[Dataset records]
--- START ---

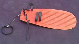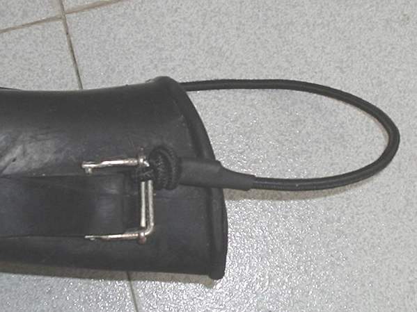 Initialement, on utilisait une " longe ". Un morceau de cordelette fixé à la palme d'un côté, à un anneau de chambre à air de l'autre. L'anneau, passé autour de la cheville du plongeur, solidarise la palme avec sa jambe. Il peut la retrouver en cas de rupture de sangle ou de la fixation pour effectuer une réparation ou un bricolage à l'air libre si une surface est proche, mais difficilement l'utiliser pour se " rapatrier " si le siphon est long.
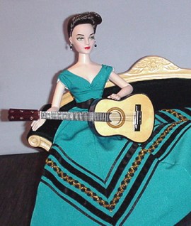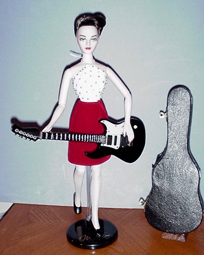 Beautifully detailed "electric" guitar, proportioned for 15" - 16" fashion dolls. It is available in either red or black with white accents. It comes with a velvet lined case and a wood guitar stand, so you can stand it up between songs. Note: Guitar is not actually electric!
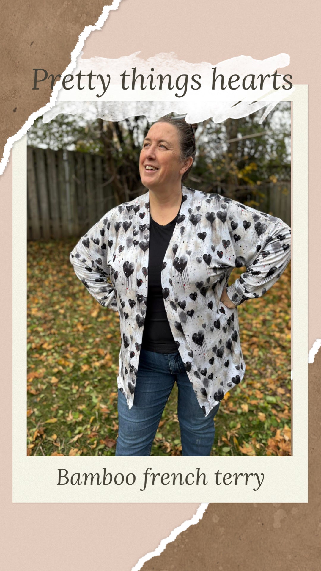 Custom printed bamboo french terry knit fabric. Perfect for a variety of clothing options it is very soft and easy to work with. 40% stretch, 4-way
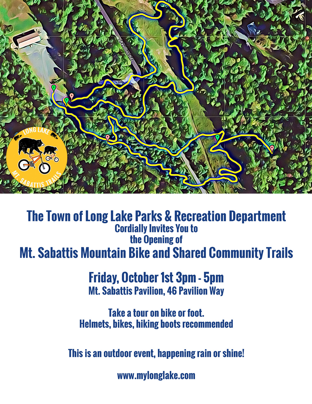 On October 1, 2021 The Town of Long Lake Parks, Recreation and Tourism Department will officially dedicate and open 2km of newly built Mountain Bike / Shared Use Trails at the Mt. Sabattis Recreation area in Long Lake.
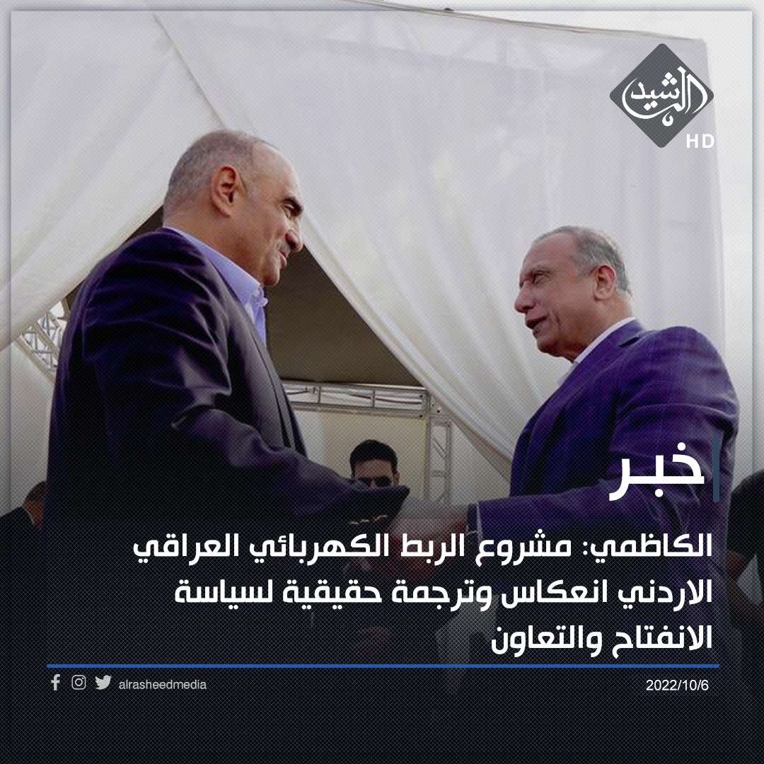الكاظمي: مشروع الربط الكهربائي العراقي الاردني انعكاس وترجمة حقيقية لسياسة الانفتاح والتعاون
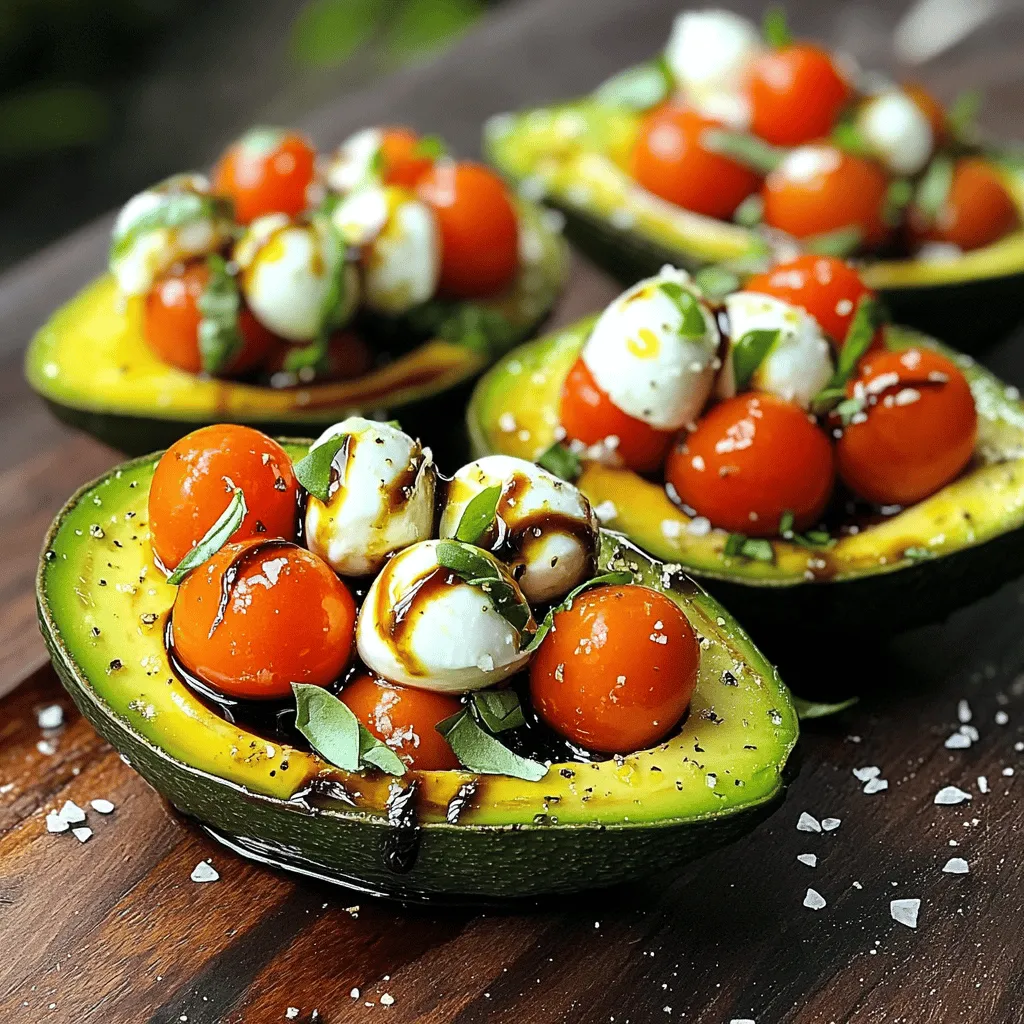 Each ingredient plays a big role in this dish. The avocados are creamy and smooth. They serve as the perfect bowl for the filling. Cherry tomatoes add a sweet and juicy burst. Fresh mozzarella gives a delightful chewiness. Basil brings an aromatic note that brightens the dish. Balsamic glaze adds a touch of sweetness and tang. Olive oil enriches the flavor and helps bind everything.

--- END ---

[What to work on]
Return all records above verbatim without their pictures.

[Solution to this exercise]
 Initialement, on utilisait une " longe ". Un morceau de cordelette fixé à la palme d'un côté, à un anneau de chambre à air de l'autre. L'anneau, passé autour de la cheville du plongeur, solidarise la palme avec sa jambe. Il peut la retrouver en cas de rupture de sangle ou de la fixation pour effectuer une réparation ou un bricolage à l'air libre si une surface est proche, mais difficilement l'utiliser pour se " rapatrier " si le siphon est long.
 Beautifully detailed "electric" guitar, proportioned for 15" - 16" fashion dolls. It is available in either red or black with white accents. It comes with a velvet lined case and a wood guitar stand, so you can stand it up between songs. Note: Guitar is not actually electric!
 Custom printed bamboo french terry knit fabric. Perfect for a variety of clothing options it is very soft and easy to work with. 40% stretch, 4-way
 On October 1, 2021 The Town of Long Lake Parks, Recreation and Tourism Department will officially dedicate and open 2km of newly built Mountain Bike / Shared Use Trails at the Mt. Sabattis Recreation area in Long Lake.
الكاظمي: مشروع الربط الكهربائي العراقي الاردني انعكاس وترجمة حقيقية لسياسة الانفتاح والتعاون
 Each ingredient plays a big role in this dish. The avocados are creamy and smooth. They serve as the perfect bowl for the filling. Cherry tomatoes add a sweet and juicy burst. Fresh mozzarella gives a delightful chewiness. Basil brings an aromatic note that brightens the dish. Balsamic glaze adds a touch of sweetness and tang. Olive oil enriches the flavor and helps bind everything.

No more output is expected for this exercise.